I pushed my anger down somewhere into my mind where it would not affect me, and the conversation moved on to lighter things.

"Have you heard the rumor about what they found in Justin Hall?" Bat inquired. I had never seen a more desperate attempt to change the subject.

He correctly guessed from my face that I hadn't the slightest sliver of an idea what he was asking about, and filled me in.

"There was a fourum comment in the paper about a mess in Justin hall..."

My eyes popped out of my face so hard they could have slapped Bat across his face as I remembered my pre-nap reading.

"Yeah!" I interrupted. "It was the very last one, sounded like someone went crazy with some TP or whatever."

"It wasn't toilet paper, Alex," he mused. "It's not even funny." The apology in Bat's eyes was gone, and unease took its place.

I stared at him for a beat. I was afraid to let this go any further, but I had to know.

"So what was it?"

"I don't know, but I've been hearing all kinds of rumors," Bat explained. "I don't know who to trust for information."

"Well, what do you believe?"

"Well, you know Willie, the mascot?"

To not know of Willie the Wildcat is an impossible thing if you are a K-Stater. The fur-headed jersey-wearing feline is the beloved leader of the University's fans at games and recruiting events. Local businesses have him in their advertisements, prospective students see him visit schools from time to time, and there are some who believe he even has his own harem of choice sorority sisters. It's only a theory.
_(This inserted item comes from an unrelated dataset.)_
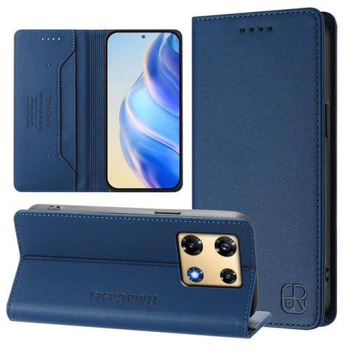 Funda de Cuero con Doble Pliegue y Succión Magnética para Infinix Note 30 Pro 4G Rc01 (Azul Oscuro)
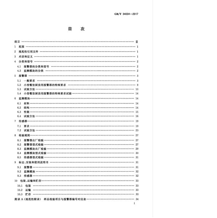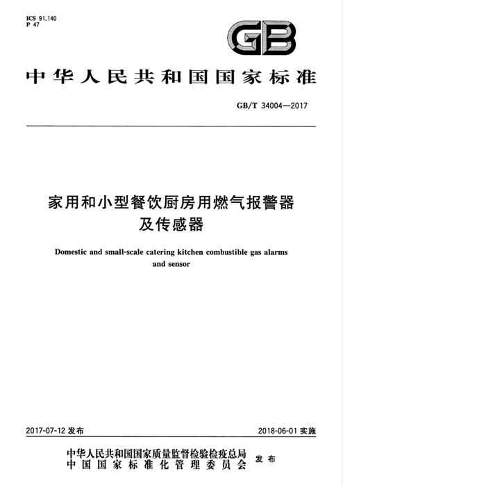 GBT 34004-2017 家用和小型餐飲廚房用燃?xì)鈭?bào)警器及傳感器 pdf

"No, who is he?" I shot back. I couldn't keep all my frustration locked up, and he asked a dumb question.

"Well, they found his head stuffed in one of the toilets, or so I'm told." He sighed.

I mentally picked my jaw up off of the table and stared him in the eye for a few seconds.

"Wow, was it another school, or are they talking about an inside job?" I almost stuttered.

"No idea."

"Wait," I paused, and a terrifying thought entered my mind. "Are we talking about just the mascot head here, or did someone actually die?"

Bat looked down at his feet, he didn't want to have to spell out this answer.